MikeBeer said:
I understand what you are saying. However, say we were in the time reference of your second race, but were watching the first race. Yes, at the instant they happened both took 10 seconds to run 100 meters, but we are actually looking at the past the further we look since the speed of light is constant, so the first runner would appear to move faster than 10m/s. You are right, we certainly wouldn't notice it, but looking further into space, ie back in time, we would see how fast time was "running." Consequentially, he is talking about time slowing, not light. The way I interpret it, Senovilla is basically saying that what we are seeing far away is in "fast forward," so time must be slowing down. However, from what I've read and from my limited understanding, this doesn't account for more "local" affects, such as the high acceleration of galaxies. I hear they are publishing a paper in late '09, so that should be interesting to read.
Hi Mike, yes, you've pointed out the flaw in my argument! You're quite right if we're in our present-day frame of reference and we measure the time between two events in the distant speeded-up past then we will indeed see that time has slowed down. Good point.
However ... we're not measuring time between two events to find how quickly those distant galaxies are receding - we're measuring a length: the redshifted wavelength of light from those galaxies. And that length we measure will be unaffected when we look back into that speeded-up past - all measured lengths would be unaffected by time speeding-up. The only http://en.wikipedia.org/wiki/Dimensional_analysis" being modified is time, and that is completely independent of length.

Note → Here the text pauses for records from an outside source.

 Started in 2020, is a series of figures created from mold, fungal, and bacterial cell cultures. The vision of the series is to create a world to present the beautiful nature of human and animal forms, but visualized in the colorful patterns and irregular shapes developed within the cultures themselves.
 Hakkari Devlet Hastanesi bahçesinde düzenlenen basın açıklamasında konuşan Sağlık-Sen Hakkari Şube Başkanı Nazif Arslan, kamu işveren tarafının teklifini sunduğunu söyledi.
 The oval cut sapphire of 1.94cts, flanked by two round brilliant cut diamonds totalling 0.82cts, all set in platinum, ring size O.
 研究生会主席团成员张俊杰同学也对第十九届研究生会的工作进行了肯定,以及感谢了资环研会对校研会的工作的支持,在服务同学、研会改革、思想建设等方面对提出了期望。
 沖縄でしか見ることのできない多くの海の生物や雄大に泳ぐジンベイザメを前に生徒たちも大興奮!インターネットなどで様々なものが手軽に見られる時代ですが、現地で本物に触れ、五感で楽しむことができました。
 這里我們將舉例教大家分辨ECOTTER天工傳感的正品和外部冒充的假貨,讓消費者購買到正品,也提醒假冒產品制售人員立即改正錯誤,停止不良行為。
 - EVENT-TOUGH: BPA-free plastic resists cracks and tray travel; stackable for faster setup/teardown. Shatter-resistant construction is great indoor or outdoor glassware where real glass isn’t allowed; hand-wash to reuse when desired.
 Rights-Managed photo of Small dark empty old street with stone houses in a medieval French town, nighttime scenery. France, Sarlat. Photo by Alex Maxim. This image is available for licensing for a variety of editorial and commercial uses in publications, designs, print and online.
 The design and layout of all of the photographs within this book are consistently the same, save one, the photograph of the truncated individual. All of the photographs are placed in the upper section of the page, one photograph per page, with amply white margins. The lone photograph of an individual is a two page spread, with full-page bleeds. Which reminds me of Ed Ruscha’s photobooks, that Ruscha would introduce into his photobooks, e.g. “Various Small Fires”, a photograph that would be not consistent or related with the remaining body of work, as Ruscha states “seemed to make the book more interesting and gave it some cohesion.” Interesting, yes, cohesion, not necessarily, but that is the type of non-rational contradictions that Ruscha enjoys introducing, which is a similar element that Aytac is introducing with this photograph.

Considering light emitted by those galaxies, Wavelength = speed / frequency. If speed and frequency are both doubled (twice as fast), the wavelength is unaltered.
Basically, if we could look into the past we would see everything happening twice as fast - people running around twice as fast (as you suggest) - but the scene would "look OK": no lengths would appear to be distorted, and the colours would be correct. The wavelength of light from the scene would not be redshifted.
So if the Hubble telescope could just sit there and
watch those distant galaxies receding then it would indeed see accelerating galaxies as you suggest - everything speeded-up. That is what Senovilla appears to be suggesting. However, Hubble (and therefore we humans) can't do that. Hubble just has to take an instantaneous photograph and look at the redshifting. So Senovilla's theory cannot explain the apparent accelerating universe which we detect from our Hubble evidence.
That's what I reckon anyway. We would not detect any redshifting due purely to time speeding-up. Any redshifting would have to be caused by genuine physical acceleration. I might well be confused - it's very mind-bending stuff.
I had a look a Senovilla's paper - not easy reading, basically saying that cosmic time is slowing down and will disappear due to it curving round and becoming Euclidean - like in the No Bounday proposal:
http://www.ipod.org.uk/reality/reality_hartle_hawking4.gif
His account http://www.dailygalaxy.com/my_weblog/2008/01/scientist-says.html" is clearer.
skypunter said:
The acceleration (not slowing) of time would more sensibly and simply account for the apparent expansion of the universe. Light emitted long ago under a slower universal clock would appear to be of a longer wavelength under todays faster universal clock.
No, considering Wavelength = speed / frequency, the frequency would be halved in the past as you suggest, but the speed of light in the past would also be halved (
everything is affected if "time itself" slows down - even the speed of light!). So the measured wavelength would be unaltered.